**Information shown:**
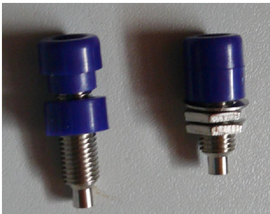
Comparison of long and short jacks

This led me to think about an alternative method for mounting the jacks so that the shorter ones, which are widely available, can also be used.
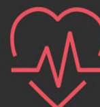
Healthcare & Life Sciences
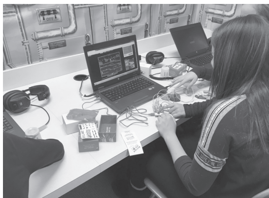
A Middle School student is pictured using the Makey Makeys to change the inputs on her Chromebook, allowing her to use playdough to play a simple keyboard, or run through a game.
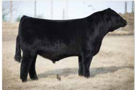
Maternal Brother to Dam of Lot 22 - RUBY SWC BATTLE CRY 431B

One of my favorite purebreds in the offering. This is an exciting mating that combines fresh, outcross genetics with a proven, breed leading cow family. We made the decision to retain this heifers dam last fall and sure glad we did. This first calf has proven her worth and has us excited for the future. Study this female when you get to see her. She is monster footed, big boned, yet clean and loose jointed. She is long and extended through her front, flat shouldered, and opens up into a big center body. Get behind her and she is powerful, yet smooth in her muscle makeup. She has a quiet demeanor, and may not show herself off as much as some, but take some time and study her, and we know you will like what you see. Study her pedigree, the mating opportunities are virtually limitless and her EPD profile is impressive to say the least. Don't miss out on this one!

...

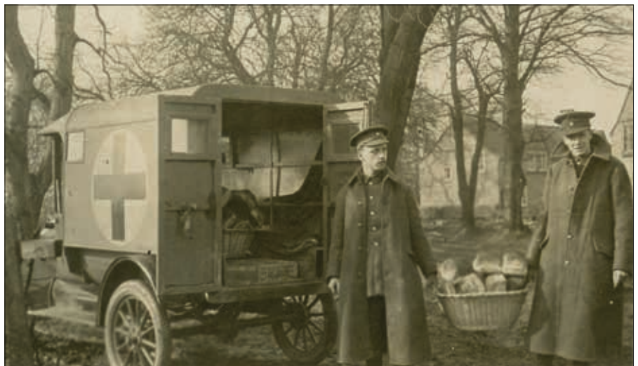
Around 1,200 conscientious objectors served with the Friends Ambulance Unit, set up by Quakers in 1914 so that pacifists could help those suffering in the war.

* * *

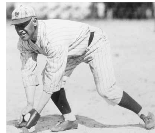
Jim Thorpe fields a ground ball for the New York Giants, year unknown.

**Your assignment:** Look above for the line with "Comparison of long and short jacks" and the line with "Maternal Brother to", then copy exactly the lines from the first through the second, both kept, with no pictures.

**Answer area:**
Comparison of long and short jacks

This led me to think about an alternative method for mounting the jacks so that the shorter ones, which are widely available, can also be used.
Healthcare & Life Sciences
A Middle School student is pictured using the Makey Makeys to change the inputs on her Chromebook, allowing her to use playdough to play a simple keyboard, or run through a game.
Maternal Brother to Dam of Lot 22 - RUBY SWC BATTLE CRY 431B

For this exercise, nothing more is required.